▶ _Action item_
Ignoring pictures, transcribe exactly the lines between the one containing "One 1840's-60's $20" and the end of the material, both included.

▶ _Data segment_
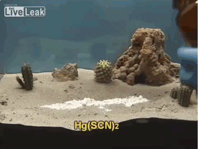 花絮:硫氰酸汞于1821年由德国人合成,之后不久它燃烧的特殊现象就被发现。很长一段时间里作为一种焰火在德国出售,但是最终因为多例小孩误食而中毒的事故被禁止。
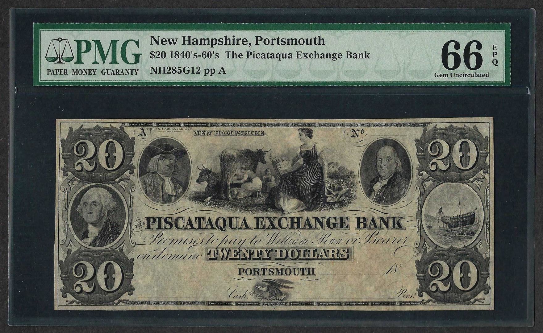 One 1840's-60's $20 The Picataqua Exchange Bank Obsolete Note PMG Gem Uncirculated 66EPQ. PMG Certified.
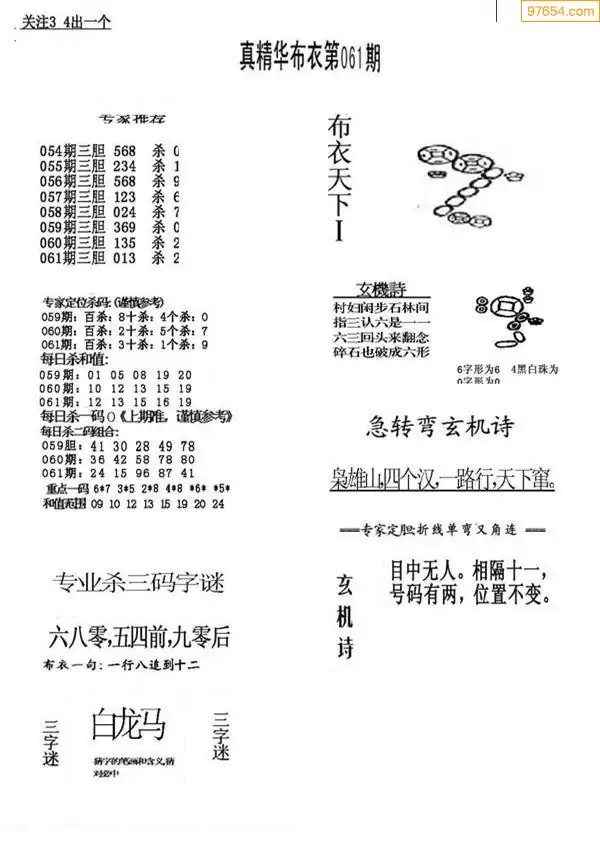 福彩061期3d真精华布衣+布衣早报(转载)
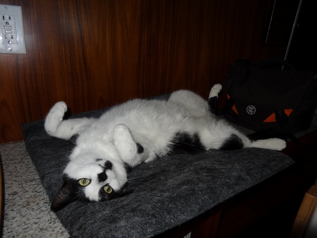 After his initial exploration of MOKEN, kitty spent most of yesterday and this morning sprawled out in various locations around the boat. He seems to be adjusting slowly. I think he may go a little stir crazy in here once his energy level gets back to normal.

▶ _Result for this exercise_
 One 1840's-60's $20 The Picataqua Exchange Bank Obsolete Note PMG Gem Uncirculated 66EPQ. PMG Certified.
 福彩061期3d真精华布衣+布衣早报(转载)
 After his initial exploration of MOKEN, kitty spent most of yesterday and this morning sprawled out in various locations around the boat. He seems to be adjusting slowly. I think he may go a little stir crazy in here once his energy level gets back to normal.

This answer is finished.